Dziękuję wam bardzo!


----------



## marco_2

Formy *jam jest, tyś jest, myśmy są, wyście są *brzmią dziś archaicznie, ale można je spotkać w literaturze przy stylizacji na taki właśnie archaiczny język, w stylu podniosłym, no i gdy chcemy sobie pożartować. A są one historycznie poprawne, gdyż końcówki osobowe *-(e)m, -eś, -śmy, -ście *były dawniej ruchome i można je było dostawiać również do zaimków osobowych. Ta ruchomość nadal funkcjonuje w czasie przeszłym w liczbie mnogiej (w liczbie pojedynczej brzmi to już trochę staroświecko), np. *Myśmy to zrobili *zamiast *Zrobiliśmy to *- w pierwszym zdaniu chcemy podkreślić, kto jest sprawcą czynności w drugim skupiamy się na czynności.


----------



## vianie

marco_2 said:


> *Myśmy to zrobili *zamiast *Zrobiliśmy to *- w pierwszym zdaniu chcemy podkreślić, kto jest sprawcą czynności w drugim skupiamy się na czynności.


 
I to jest w pełni wykorzystane w naszych językach.

Nawiasem mówiąc, jak często są te znane formy używane w języku potocznym?


----------



## linguos

W języku potocznym pewnie wcale, za wyjątkiem sytuacji ironicznych/groteskowych, itd. Za to w Biblii jest tego całkiem sporo.

Edit: Mój błąd, myślałem, że chodziło o formę "jam jest ...". Jeśli chodzi z kolei np. o "myśmy to zrobili" zamiast "zrobiliśmy to", to myślę, iż ta forma jest dość często spotykana.
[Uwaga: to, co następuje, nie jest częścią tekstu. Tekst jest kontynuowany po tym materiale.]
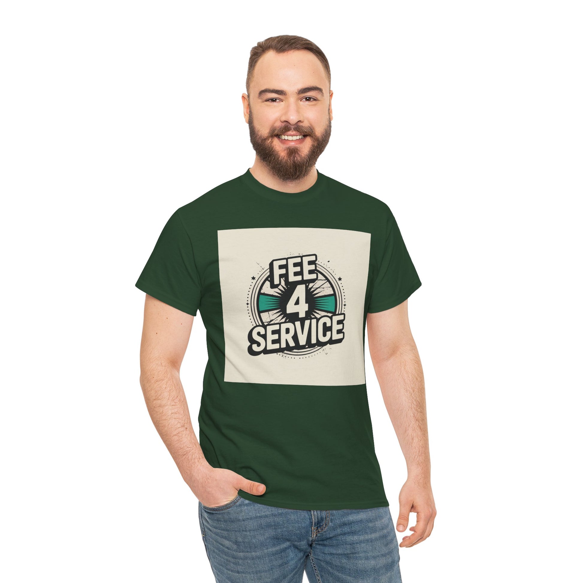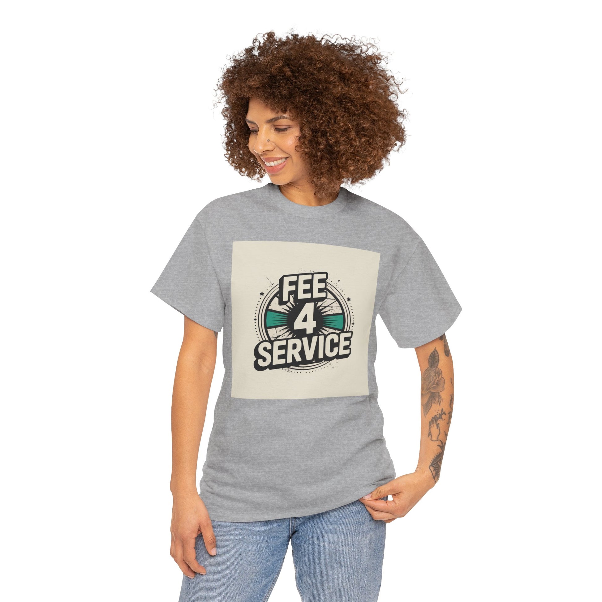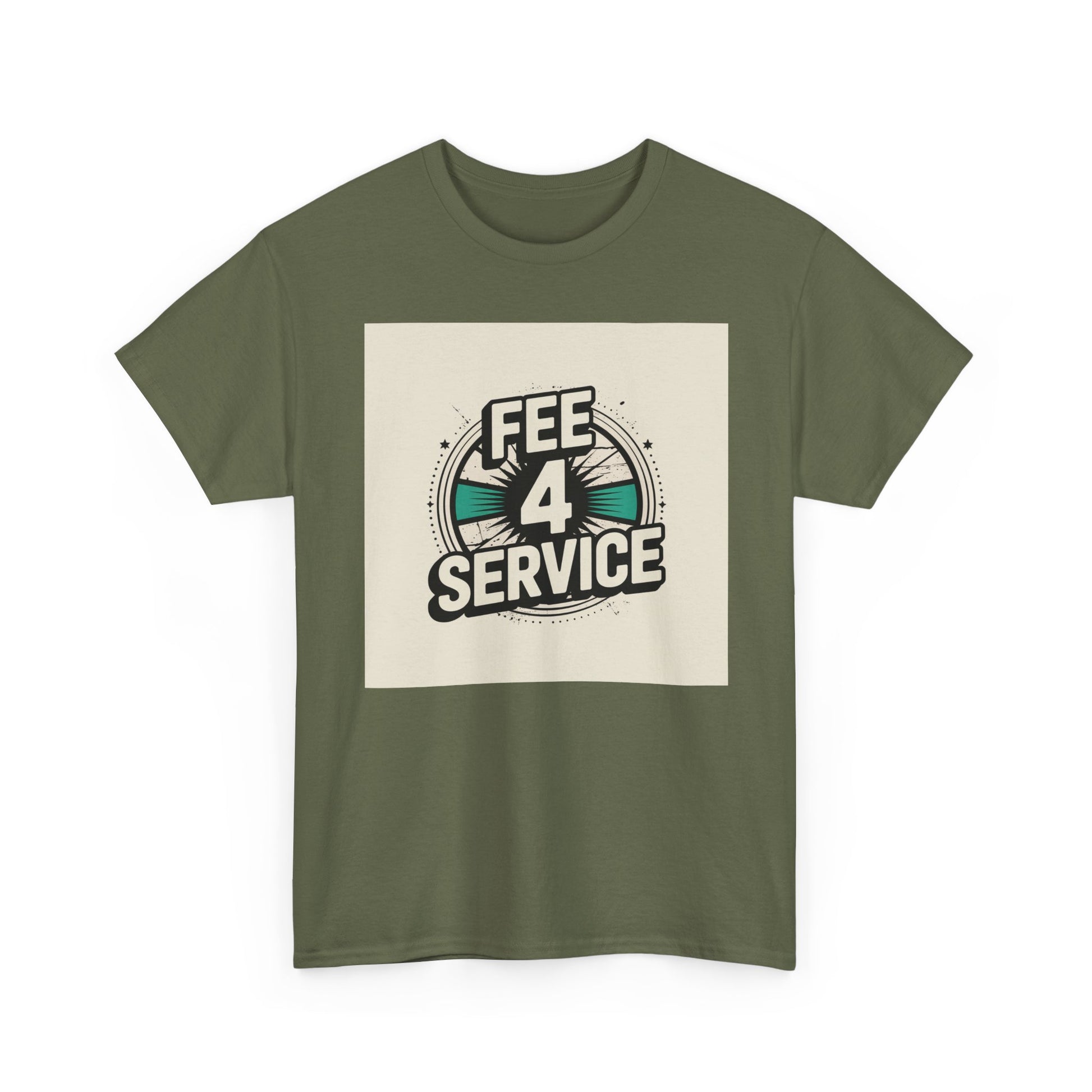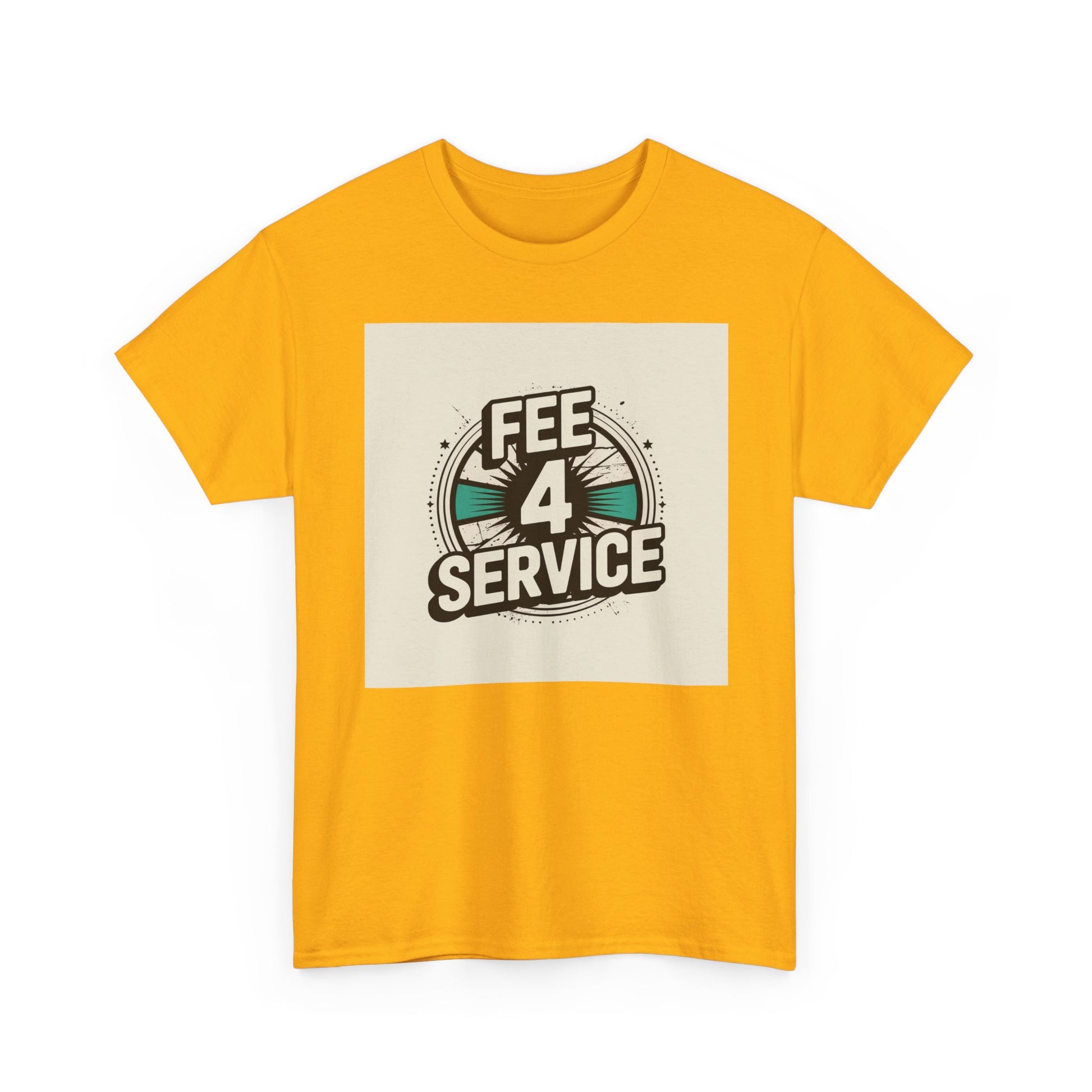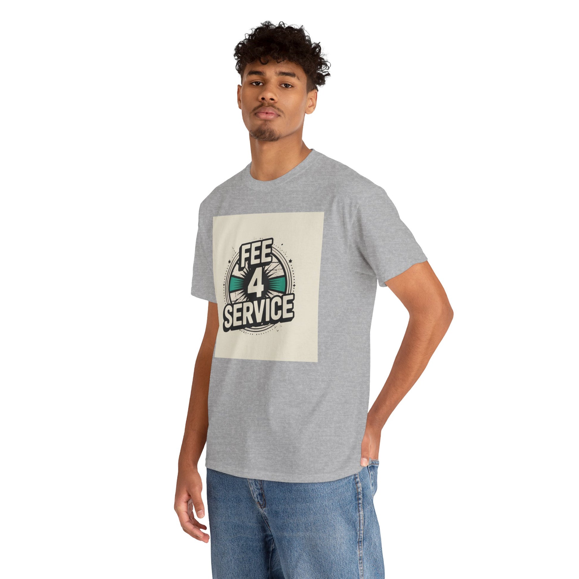 This soft, classic-fit tee carries a bold vintage graphic that reads “FEE 4 SERVICE,” set against a muted, sunburst-inspired badge. The printed artwork sits centered on a natural white background, giving it a retro-street vibe that reads equal parts cheeky and confident. Breathable medium-weight cotton keeps the shirt comfortable through the seasons, while a ribbed collar and shoulder tape hold shape wash after wash. Wear it layered under a denim jacket or loose with jeans — it settles into everyday rotation for anyone who appreciates playful, slightly nostalgic designs with a straightforward attitude.

Aczkolwiek tutaj mówimy o (znakomitej ) grze RPG osadzonej w świecie fantasy wzorowanym na średniowieczu.


----------



## marco_2

vianie said:


> I to jest w pełni wykorzystane w naszych językach.
> 
> Nawiasem mówiąc, jak często są te znane formy używane w języku potocznym?


 
Jeżeli pytasz o zdania *Myśmy to zrobili *i *Zrobiliśmy to*, to używamy ich na codzień, regularnie. Niestety wiele osób używa też potocznie błędnych konstrukcji _*Żeśmy to zrobili*, _co jest niepoprawne. Natomiast tych archaicznych, to tak jak napisał linguos, który wyprzedził mnie o parę sekund


----------



## Roy776

Dziękuję wam bardzo!

Teraz rozumię, ale jeszcze mam inne pytanie o tych formach. Czy to możliwe, że się też je uzywa, aby brzmieć poetycki? Jak na przykład "Tyś jest moją gwiazdą." albo coś w tym stylu?


----------



## linguos

Tak, Roy776, właśnie tak! Świetne spostrzeżenie! 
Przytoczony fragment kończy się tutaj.